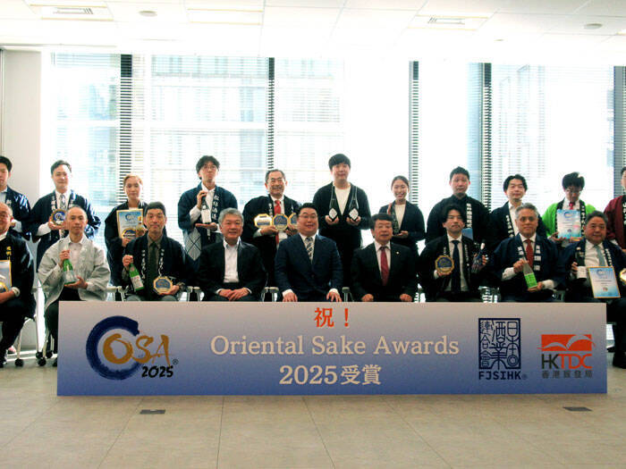 OSAの主催は香港日本酒業連合会(ミッキー・チャン会長)。日本を除くアジアでは最大規模の日本酒コンペティションで、昨年は531点がエントリー。最優秀賞の「Sake of the Year」は新澤醸造店(宮城)の本醸造酒「あたごのまつ 鮮烈辛口」が選ばれた。
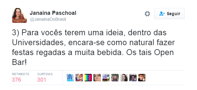 Sobre os fatos, Janaína publicou uma série de tuítes, que ganharam comentários de apoio, revolta e até de sarcasmo. Ela já foi presidente do Conselho de Entorpecentes de São Paulo. Veja os posts:
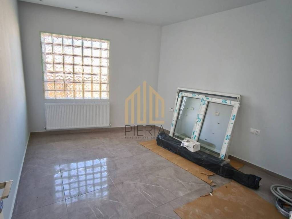 Katerini, Katafygiotika: For rent Newly built luxury apartment 110 sq.m. , frontage on the 1st floor with individual natural gas heating in a 1-story building. It consists of 2 bedrooms, 1 of which is a master, 1 kitchen-living room, Garden, storage, and 1 bathroom/WC. It was built in 2025, painted and has a mountain view, synthetic frames, security door, energy class A+, tiled floors, awnings, screens, alarm, solar water heater. It is ideal for students or families or workers without monthly utilities. Free & private parking. Very quiet neighborhood and magnificent view. It is worth seeing up close. Note, the photos will be updated as soon as the stairs and the bathroom are finished. There are hidden lights that cannot be seen at the moment and in general a very nice job has been done on the interior lighting. Price €540 | Property Code: #1092
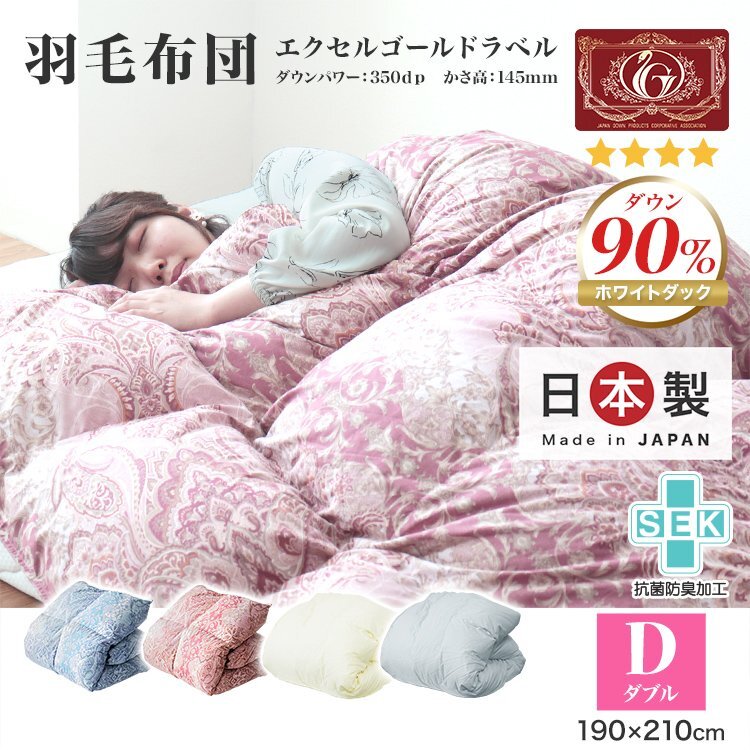 \ もう手放せない、軽くてあったかな寝心地 / 布団に入るのが楽しみになる! 日本羽毛製品協同組合より、最高級の素材と縫製技術の証「エクセルゴールドラベル」の認定を得た 安心・高品質の 日本製 羽毛布団 です。 \ふっくら、清潔で高品質の羽毛/ ■ホワイトダックダウン90% ■業界高水準の洗浄度1000mm ■ダウンパワー350dp以上 ■かさ高145mm ■国内パワーアップ加工 \側生地にもこだわりポイント/ ■30マス立体キルト加工で、身体を包み込むようにフィット!暖かさを逃さない。 ■超軽量TTC生地を採用。保温力に優れ、ふんわり軽やかな掛け心地 ■やわらかく、なめらかな肌触りのピーチスキン ■羽毛の飛び出しを防ぐ、二重縫製&ダウンプルーフ加工 ■布団とカバーをしっかり固定する便利なカバーループ付き \安心の抗菌・防臭・防ダニ加工済/ ■SEKマーク取得 ■オゾンクリーン加工 ボリュームたっぷり!厳選された高品質の羽毛をふんだんに使用しているので、 軽くて、暖かく、包まれるような寝心地です。 【商品コード】RY03BL 【仕様】 カラー:ブルー サイズ(約):幅190cm×長さ210cm(ダブルサイズ) 重量(約):2.4kg (充填量1.4kg) 素材: 側地:ポリエステル85%、綿15% 詰め物:ホワイトダックダウン(ダウン90%、フェザー10%) 【注意事項】 ・サイズは全て外寸になります。 ・羽毛は天然素材のため、無臭ではございません。 原毛は洗浄によりほとんど臭いを感じないようにはしておりますが、 開梱直後や温度・湿度等の環境等により臭いを感じる場合がございますので、 開封直後には風通しの良い場所での十分な陰干し等をお勧めいたします。 なお、天然羽毛の臭いのため人体に害はございませんのでご安心ください。 ・一度開封、使用したもの、匂いなどによる交換返品はお受けすることができませんのでご了承ください。 ・開封する際は、カッターナイフなどで商品を傷付けないよう十分ご注意ください。 ・商品は、モニターによって色合いが異なって見える場合があります。 ・仕様・デザインは改良のため予告なく変更することがあります。 【もちろん新品未使用品です】 ▼検索ワード 羽毛布団 シングルロング セミダブルロング ダブルロング 掛け布団 日本製 ホワイトダックダウン 90% 93% 30マス立体キルト エクセルゴールドラベル ロイヤルゴールドドラベル 暖かい 冬 抗菌 防臭 防ダニ 羽毛 布団 羽毛掛け布団 羽毛 掛布団 掛け布団 洗える 布団 ふとん 掛けふとん 暖かい あったか 冬掛布団 軽い 一人暮らし 新生活 引越し 引っ越し 来客 来客用 春 夏 秋 冬用 オールシーズン 羽毛掛け布団 |
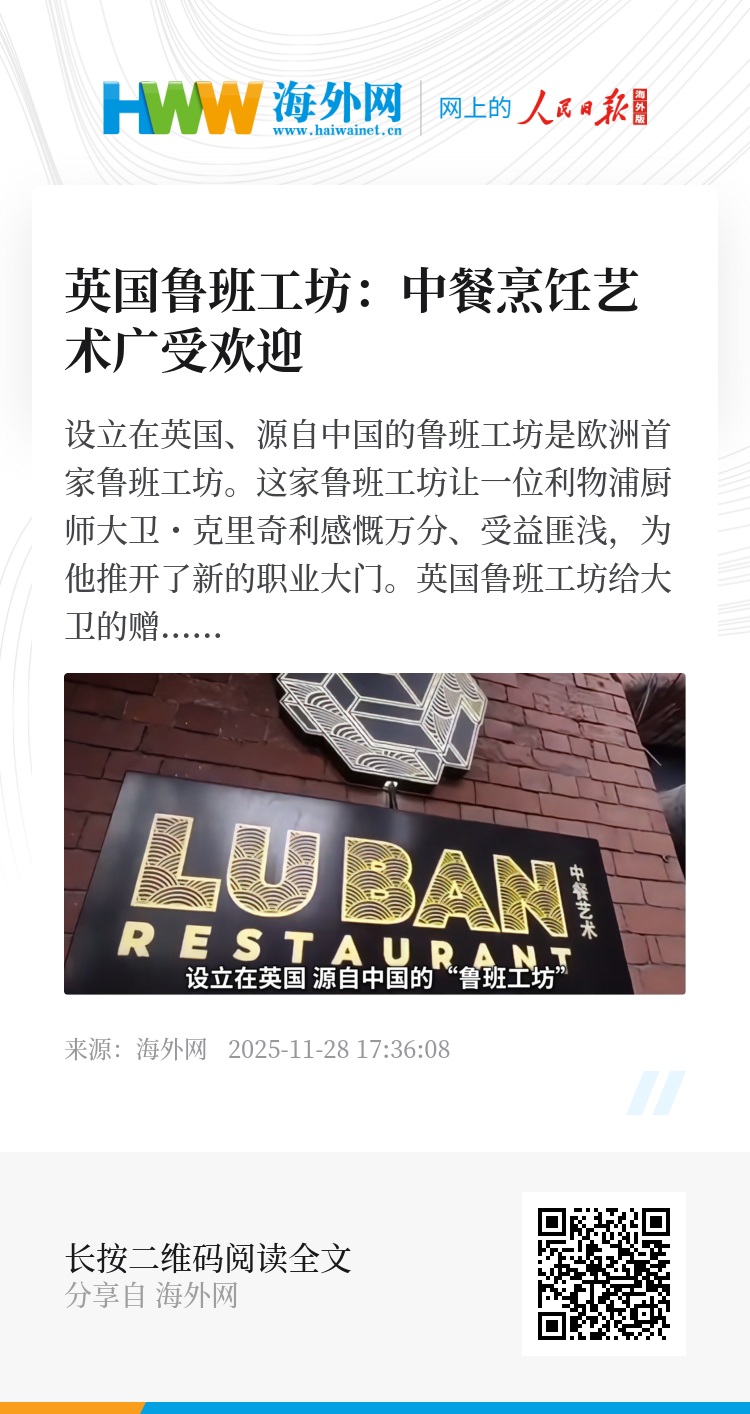 “大卫做的菜非常好吃,中国菜很棒”“这些中餐和我之前在英国吃过的完全不一样”“鲁班餐厅是利物浦最受欢迎的餐厅之一,在本地很受欢迎,中式晚宴菜单很快卖空了”鲁班工坊赋予大卫的,不仅是专业技能,还有被认可的专业标准。英国鲁班工坊联合英国院校开发的中餐课程,被纳入了当地学历体系,这意味着大卫学到的技艺有了国际认可的“通行证”。
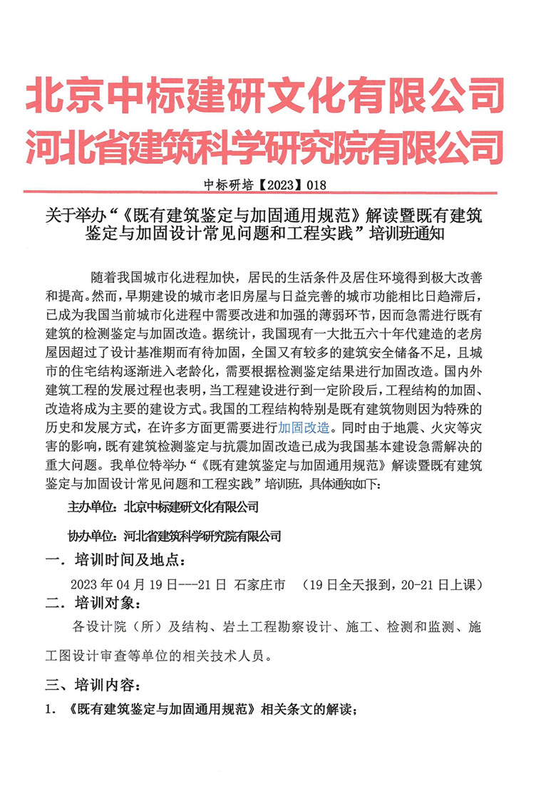 關(guān)于舉辦“《既有建筑鑒定與加固通用規(guī)范》解讀暨既有建筑鑒定與加固設(shè)計常見問題和工程實踐”培訓(xùn)班的通知
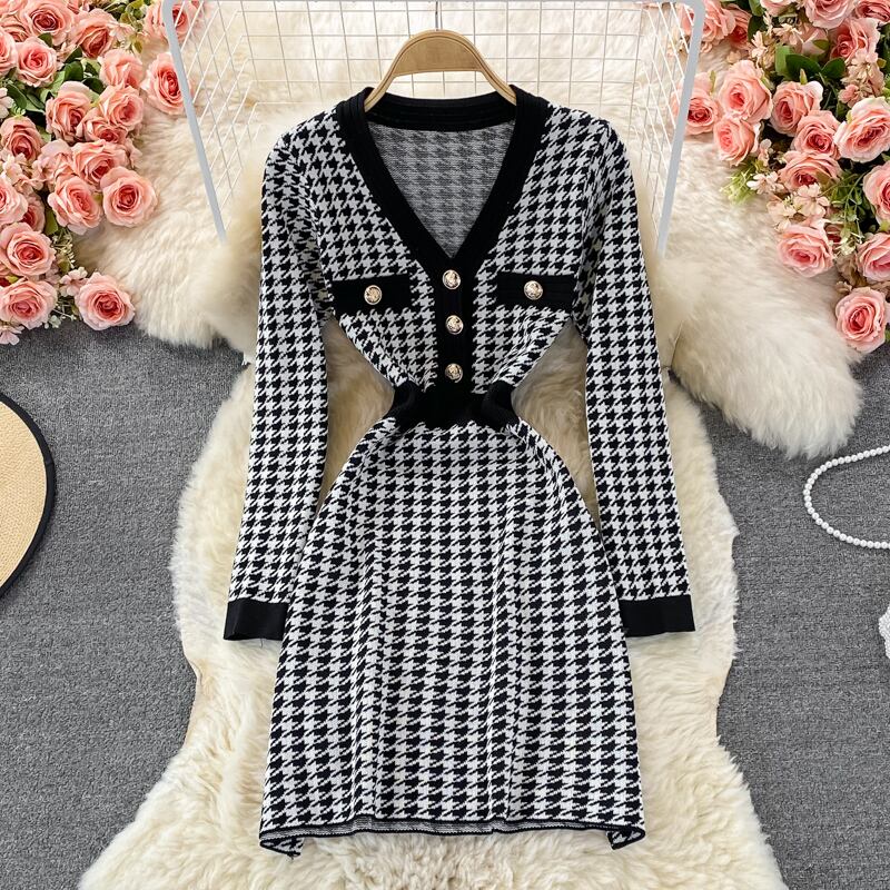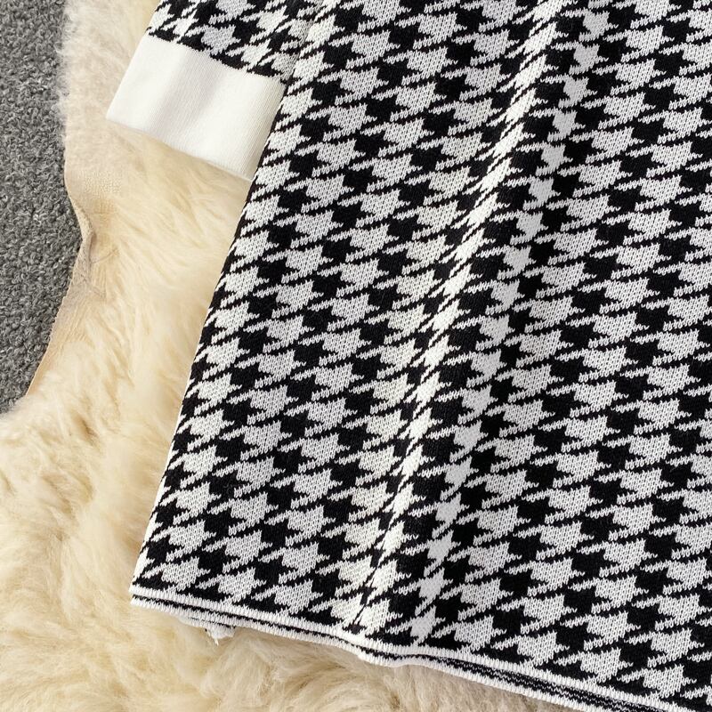 2021年秋冬女性カラーホワイト幾何学的なセクシーなシースドレス長袖ボタンフロントニットセーターウールドレスブラック ロング オータム 秋物 ウィンター 冬物 Rhc19391261449
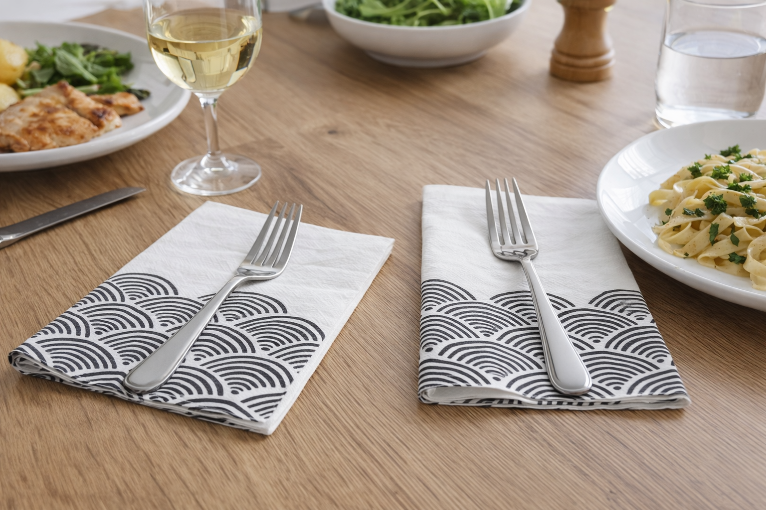 Servietke izbrane kakovosti so popolna zamenjava za tekstilne serviete. Posebej so primerni za zvijanje oziroma ustvarjanje struktur. Zaradi mehke strukture in atraktivnega potiska so prtički idealna izbira pri organizaciji pogostitev in praznovanj.

____________

### Task instructions
Restate the entries verbatim and exclude any pictures.

### Exercise output
 OSAの主催は香港日本酒業連合会(ミッキー・チャン会長)。日本を除くアジアでは最大規模の日本酒コンペティションで、昨年は531点がエントリー。最優秀賞の「Sake of the Year」は新澤醸造店(宮城)の本醸造酒「あたごのまつ 鮮烈辛口」が選ばれた。
 Sobre os fatos, Janaína publicou uma série de tuítes, que ganharam comentários de apoio, revolta e até de sarcasmo. Ela já foi presidente do Conselho de Entorpecentes de São Paulo. Veja os posts:
 Katerini, Katafygiotika: For rent Newly built luxury apartment 110 sq.m. , frontage on the 1st floor with individual natural gas heating in a 1-story building. It consists of 2 bedrooms, 1 of which is a master, 1 kitchen-living room, Garden, storage, and 1 bathroom/WC. It was built in 2025, painted and has a mountain view, synthetic frames, security door, energy class A+, tiled floors, awnings, screens, alarm, solar water heater. It is ideal for students or families or workers without monthly utilities. Free & private parking. Very quiet neighborhood and magnificent view. It is worth seeing up close. Note, the photos will be updated as soon as the stairs and the bathroom are finished. There are hidden lights that cannot be seen at the moment and in general a very nice job has been done on the interior lighting. Price €540 | Property Code: #1092
 \ もう手放せない、軽くてあったかな寝心地 / 布団に入るのが楽しみになる! 日本羽毛製品協同組合より、最高級の素材と縫製技術の証「エクセルゴールドラベル」の認定を得た 安心・高品質の 日本製 羽毛布団 です。 \ふっくら、清潔で高品質の羽毛/ ■ホワイトダックダウン90% ■業界高水準の洗浄度1000mm ■ダウンパワー350dp以上 ■かさ高145mm ■国内パワーアップ加工 \側生地にもこだわりポイント/ ■30マス立体キルト加工で、身体を包み込むようにフィット!暖かさを逃さない。 ■超軽量TTC生地を採用。保温力に優れ、ふんわり軽やかな掛け心地 ■やわらかく、なめらかな肌触りのピーチスキン ■羽毛の飛び出しを防ぐ、二重縫製&ダウンプルーフ加工 ■布団とカバーをしっかり固定する便利なカバーループ付き \安心の抗菌・防臭・防ダニ加工済/ ■SEKマーク取得 ■オゾンクリーン加工 ボリュームたっぷり!厳選された高品質の羽毛をふんだんに使用しているので、 軽くて、暖かく、包まれるような寝心地です。 【商品コード】RY03BL 【仕様】 カラー:ブルー サイズ(約):幅190cm×長さ210cm(ダブルサイズ) 重量(約):2.4kg (充填量1.4kg) 素材: 側地:ポリエステル85%、綿15% 詰め物:ホワイトダックダウン(ダウン90%、フェザー10%) 【注意事項】 ・サイズは全て外寸になります。 ・羽毛は天然素材のため、無臭ではございません。 原毛は洗浄によりほとんど臭いを感じないようにはしておりますが、 開梱直後や温度・湿度等の環境等により臭いを感じる場合がございますので、 開封直後には風通しの良い場所での十分な陰干し等をお勧めいたします。 なお、天然羽毛の臭いのため人体に害はございませんのでご安心ください。 ・一度開封、使用したもの、匂いなどによる交換返品はお受けすることができませんのでご了承ください。 ・開封する際は、カッターナイフなどで商品を傷付けないよう十分ご注意ください。 ・商品は、モニターによって色合いが異なって見える場合があります。 ・仕様・デザインは改良のため予告なく変更することがあります。 【もちろん新品未使用品です】 ▼検索ワード 羽毛布団 シングルロング セミダブルロング ダブルロング 掛け布団 日本製 ホワイトダックダウン 90% 93% 30マス立体キルト エクセルゴールドラベル ロイヤルゴールドドラベル 暖かい 冬 抗菌 防臭 防ダニ 羽毛 布団 羽毛掛け布団 羽毛 掛布団 掛け布団 洗える 布団 ふとん 掛けふとん 暖かい あったか 冬掛布団 軽い 一人暮らし 新生活 引越し 引っ越し 来客 来客用 春 夏 秋 冬用 オールシーズン 羽毛掛け布団 |
 “大卫做的菜非常好吃,中国菜很棒”“这些中餐和我之前在英国吃过的完全不一样”“鲁班餐厅是利物浦最受欢迎的餐厅之一,在本地很受欢迎,中式晚宴菜单很快卖空了”鲁班工坊赋予大卫的,不仅是专业技能,还有被认可的专业标准。英国鲁班工坊联合英国院校开发的中餐课程,被纳入了当地学历体系,这意味着大卫学到的技艺有了国际认可的“通行证”。
 關(guān)于舉辦“《既有建筑鑒定與加固通用規(guī)范》解讀暨既有建筑鑒定與加固設(shè)計常見問題和工程實踐”培訓(xùn)班的通知
 2021年秋冬女性カラーホワイト幾何学的なセクシーなシースドレス長袖ボタンフロントニットセーターウールドレスブラック ロング オータム 秋物 ウィンター 冬物 Rhc19391261449
 Servietke izbrane kakovosti so popolna zamenjava za tekstilne serviete. Posebej so primerni za zvijanje oziroma ustvarjanje struktur. Zaradi mehke strukture in atraktivnega potiska so prtički idealna izbira pri organizaciji pogostitev in praznovanj.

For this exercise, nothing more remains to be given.